I hate all the good yummy food that is out there. There is so much of it and it is all over the place. Walking around and being surrounded by this addictive food has been very difficult for me lately. I love being out really early in the morning or late at night because that’s when all the places are closed. Being back in New York (that’s where I live in case you didn’t know), had been a huge adjustment. It had been highly stressful with trying to get a freakin job and a regular income. I don’t like the stress level I have gotten to. A lot has calmed down for me, but there is still some finalizing with my income that needs to be done. I don’t like not knowing how I am going to make a steady income. I wish everything in life (as far as making a living goes for an artist) could be easier. It has been a rough adjustment this last month. With the everyone talking about the bad economy, it is not helpful. Negative energy has a huge effect on the entire world. And for me, negative energy is highly toxic and not welcome. I don’t like it. I want only the positive. The positive is what helps me and it has put me in a good place. I’m working on it everyday. One day at a time. This weekend (starting today for me), is going to be a great weekend. I have a lot of fun planned for me and I pray that it will help me refresh back into next week. I think it will. I think I need the release from all the responsibility I put on my back. Time with my friends and family - positive. This is super important to me because all this negativity is taking a toll on me.
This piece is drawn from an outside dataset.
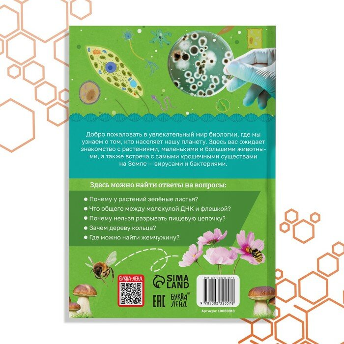 Книга «Биология для детей» станет проводником для ребёнка в увлекательный мир биологии, где мы узнаем о том, кто населяет нашу планету. В этой книге ребёнок познакомится с растениями, маленькими и большими животными, а также самыми крошечными существами на Земле — вирусами и бактериями.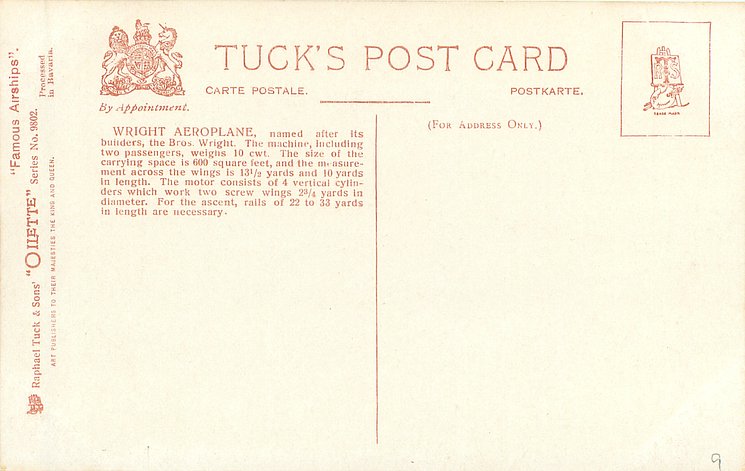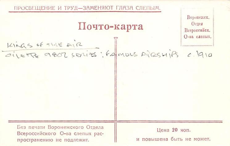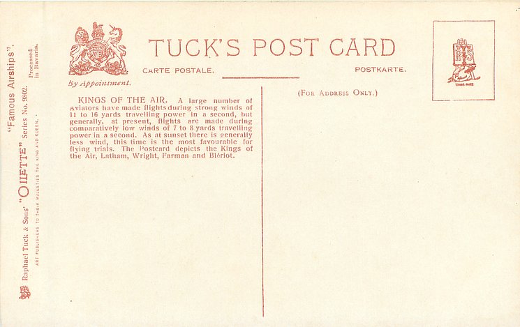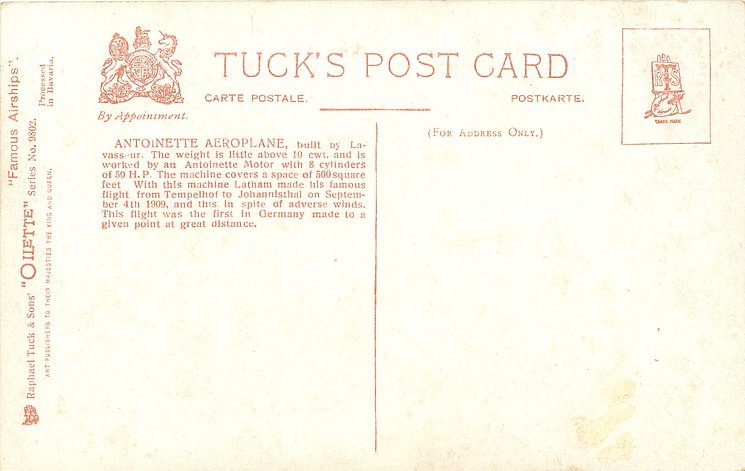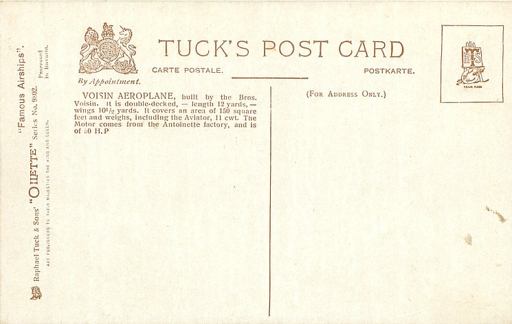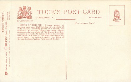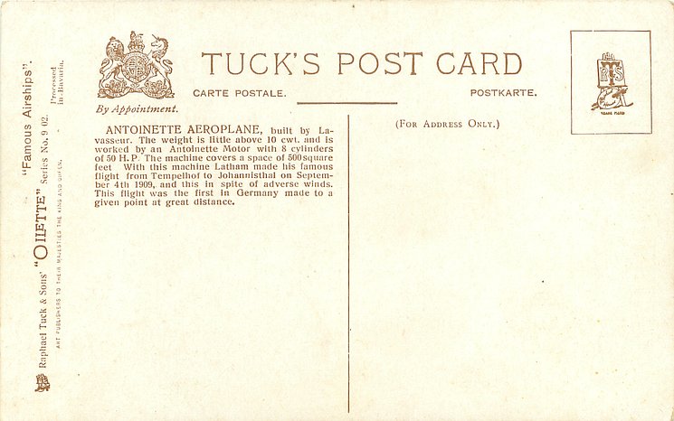 OILETTE, listed in 1911/1912 & 1913/1914 Postcard Catalogues, PROCESSED IN BAVARIA, 2 backs, same image German back 452 OILETTE FLUGMASCHINEN

About Eating Disorder Talk

The goal of Eating Disorder Talk is to encourage family and friends of people living with disordered eating - as well as sufferers - to learn more about the conditions, where to get help, the risks associated and another vessel of communication. I come with 20 years of experience living with (and sometimes for) anorexia; my job is not to cure, it’s to allow others to speak. This means wanting to help those that want help and to provide a voice to those who don’t.